Walking along the shore’s littoral zone I’ve sometimes found considerable detritus offered up by the sea. The remains of starfish, crabs and clams.

Finally, there is the sea itself. Because the headland is a triangle jutting into the English Channel, there is a stronger than usual coastal sense of being surrounded by water. You certainly feel exposed to it. Perhaps it is this feeling of vulnerability that led me to the idea that the sea itself could be physically threatening. Which historically, of course, it has long been considered, especially by fishermen and their families. Now, in the twenty-first century, and for very different reasons, we have gradually come to accept that the sea is once again a danger to human life.

Humans have always been both attracted and repelled by the sea. It is an often-violent medium to which we air-breathing ground-walkers are hardly suited. And in the UK at least it is too cold to enter comfortably for most of the year. Yet historically the riches offered up by the sea – hunting, trading, raiding or making war on those on its far side – meant that we were drawn to it time and again. We still are. There’s treasure here if you’ve the courage to get out there and find it. Threat. Conflict. Opportunity. The tensions and contradictions of the sea are the stuff of great stories. Just turn to Arthur Ransome, Joseph Conrad, Patrick O’Brian, Herman Melville or C. S. Forester. 
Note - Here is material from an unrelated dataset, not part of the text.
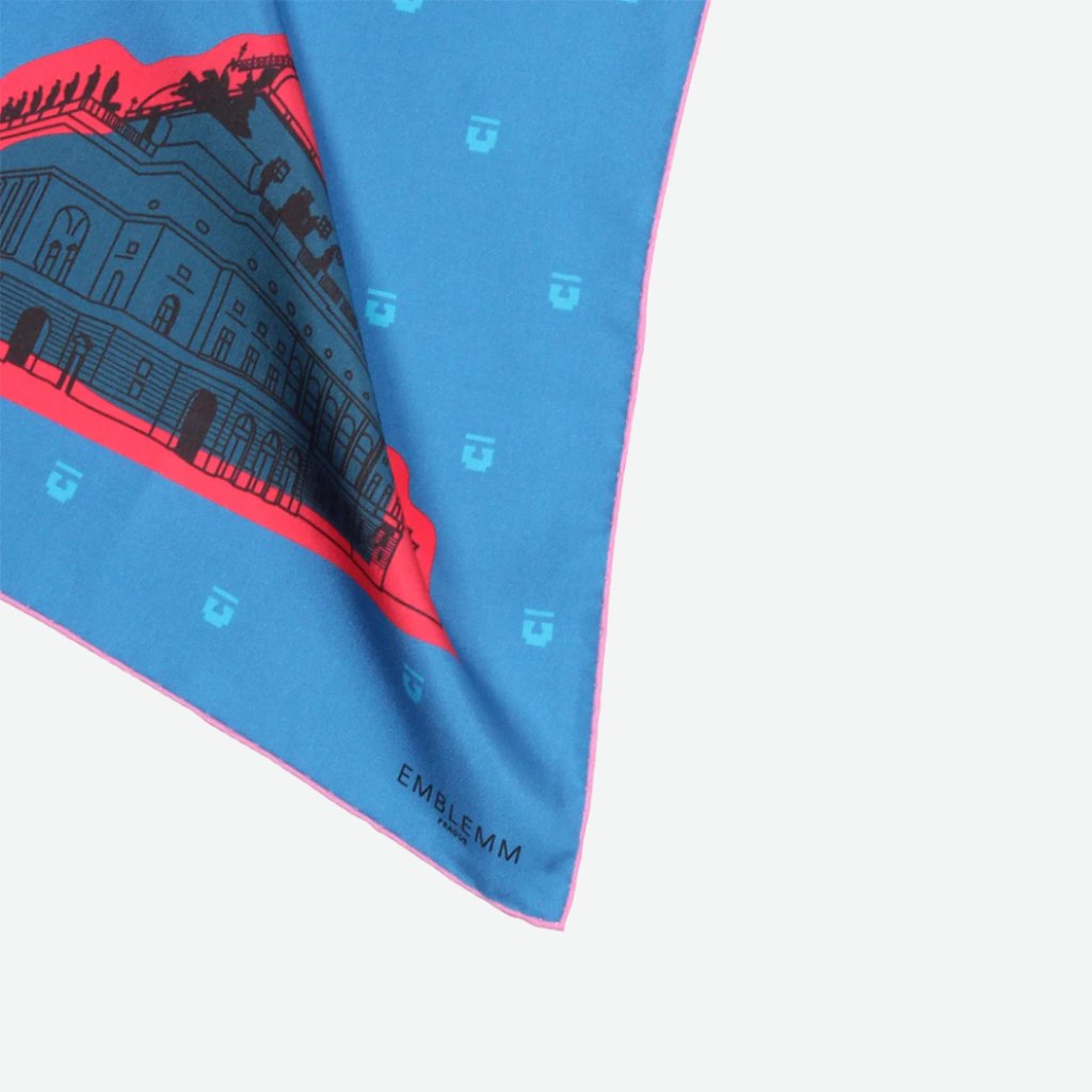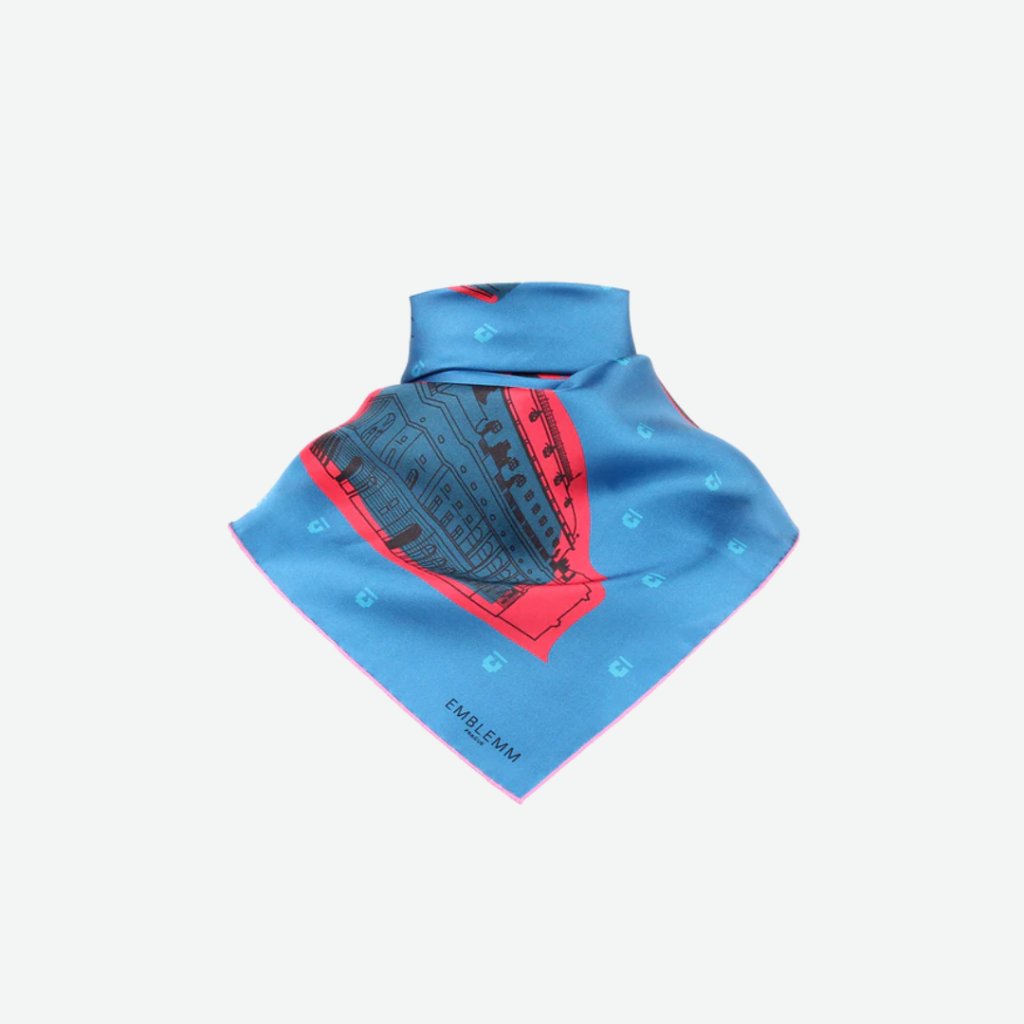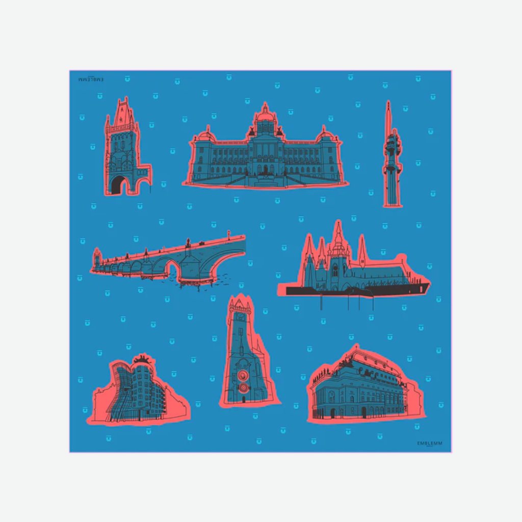 Krásný modro červený čtvercový šátek s pražskými motivy se stane tím doplňkem, po kterém budete chtít sáhnout každý den. Navrženo čistě z vlastenectví a lásky k Praze – první produkt značky byl poprvé uveden v roce 2015 a zobrazuje ikonické pražské stavby, jako jsou Pražský hrad, Národní divadlo, Karlův most, Staroměstský orloj, Tančící dům, Prašná brána, Žižkovská věž a Národní muzeum. Kontrastní pozadí zdobí logo značky ve tvaru písmene „E“. Vysoce kvalitní italské hedvábí je precizně střiženo a ušito v Česku.

I grew up on a smallish island in the English Channel. Getting to and from the island, as well as the availability of much of our food, was determined by the weather and the conditions of the sea. We depended on the sea and yet it always felt to me like something other, a force with a life and mind of its own. There is something metaphorical about the sea’s immensity. We originally came from the sea and now as sea levels rise it is coming back for those of us who live on the coast. Perhaps the land is like life itself – a brief refuge from the vast emptiness of non-existence. We are briefly washed up upon the bright islands of our lives but in the end we will all return to the dark depths of the sea.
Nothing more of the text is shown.